TASK REQUIREMENTS: From the records below, transcribe only the lines running from the one with "4月28日,葉景芬(前)在媽媽林鳳玉陪伴下,在龍泉市圖書館視障電子閱覽室查閱盲文資料。新華社記者 韓傳號 攝" through the one with "Люстра 2925/5С серии". Keep both of those end lines.

WORKING DATA:

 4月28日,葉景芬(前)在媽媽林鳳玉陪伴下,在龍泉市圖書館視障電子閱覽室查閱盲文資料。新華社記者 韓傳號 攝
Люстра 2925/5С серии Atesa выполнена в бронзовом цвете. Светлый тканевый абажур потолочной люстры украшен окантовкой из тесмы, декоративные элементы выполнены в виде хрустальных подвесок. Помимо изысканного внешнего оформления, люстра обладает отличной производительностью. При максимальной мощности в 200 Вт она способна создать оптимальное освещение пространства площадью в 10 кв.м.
--
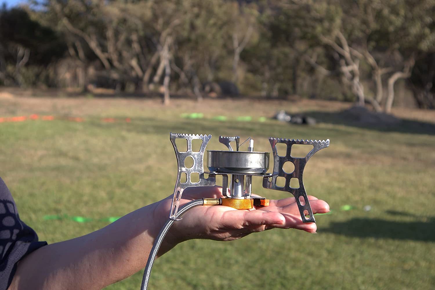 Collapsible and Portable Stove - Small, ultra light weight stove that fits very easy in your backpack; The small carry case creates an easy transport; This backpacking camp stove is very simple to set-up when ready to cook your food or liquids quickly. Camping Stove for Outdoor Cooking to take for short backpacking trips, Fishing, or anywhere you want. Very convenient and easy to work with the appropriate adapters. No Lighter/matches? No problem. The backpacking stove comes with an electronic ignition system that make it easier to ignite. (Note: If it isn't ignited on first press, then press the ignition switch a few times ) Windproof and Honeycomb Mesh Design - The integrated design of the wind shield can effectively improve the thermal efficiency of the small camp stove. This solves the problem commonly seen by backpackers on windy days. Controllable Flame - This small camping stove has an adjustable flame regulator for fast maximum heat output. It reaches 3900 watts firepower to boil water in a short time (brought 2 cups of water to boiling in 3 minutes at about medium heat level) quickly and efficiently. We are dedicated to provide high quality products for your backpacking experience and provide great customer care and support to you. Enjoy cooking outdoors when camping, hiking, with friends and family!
==
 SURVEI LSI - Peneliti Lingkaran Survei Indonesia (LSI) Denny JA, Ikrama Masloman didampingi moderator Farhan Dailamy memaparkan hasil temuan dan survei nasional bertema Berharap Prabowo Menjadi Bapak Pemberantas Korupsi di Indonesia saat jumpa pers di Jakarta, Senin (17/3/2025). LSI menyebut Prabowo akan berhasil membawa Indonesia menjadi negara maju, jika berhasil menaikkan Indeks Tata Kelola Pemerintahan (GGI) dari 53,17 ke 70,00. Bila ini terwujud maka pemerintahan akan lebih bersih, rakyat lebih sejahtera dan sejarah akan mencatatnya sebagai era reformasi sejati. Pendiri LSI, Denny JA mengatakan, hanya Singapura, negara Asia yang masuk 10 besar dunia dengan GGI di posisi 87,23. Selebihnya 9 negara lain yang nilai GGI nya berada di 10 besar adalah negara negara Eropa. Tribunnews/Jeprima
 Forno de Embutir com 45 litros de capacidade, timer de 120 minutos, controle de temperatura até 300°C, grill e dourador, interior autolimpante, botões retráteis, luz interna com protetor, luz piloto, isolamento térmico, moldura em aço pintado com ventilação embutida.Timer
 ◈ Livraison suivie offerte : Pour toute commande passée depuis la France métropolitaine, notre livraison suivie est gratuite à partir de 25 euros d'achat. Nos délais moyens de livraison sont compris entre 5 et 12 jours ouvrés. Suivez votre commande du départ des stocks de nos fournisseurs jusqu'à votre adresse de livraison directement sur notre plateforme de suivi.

YOUR SOLUTION:
 4月28日,葉景芬(前)在媽媽林鳳玉陪伴下,在龍泉市圖書館視障電子閱覽室查閱盲文資料。新華社記者 韓傳號 攝
Люстра 2925/5С серии Atesa выполнена в бронзовом цвете. Светлый тканевый абажур потолочной люстры украшен окантовкой из тесмы, декоративные элементы выполнены в виде хрустальных подвесок. Помимо изысканного внешнего оформления, люстра обладает отличной производительностью. При максимальной мощности в 200 Вт она способна создать оптимальное освещение пространства площадью в 10 кв.м.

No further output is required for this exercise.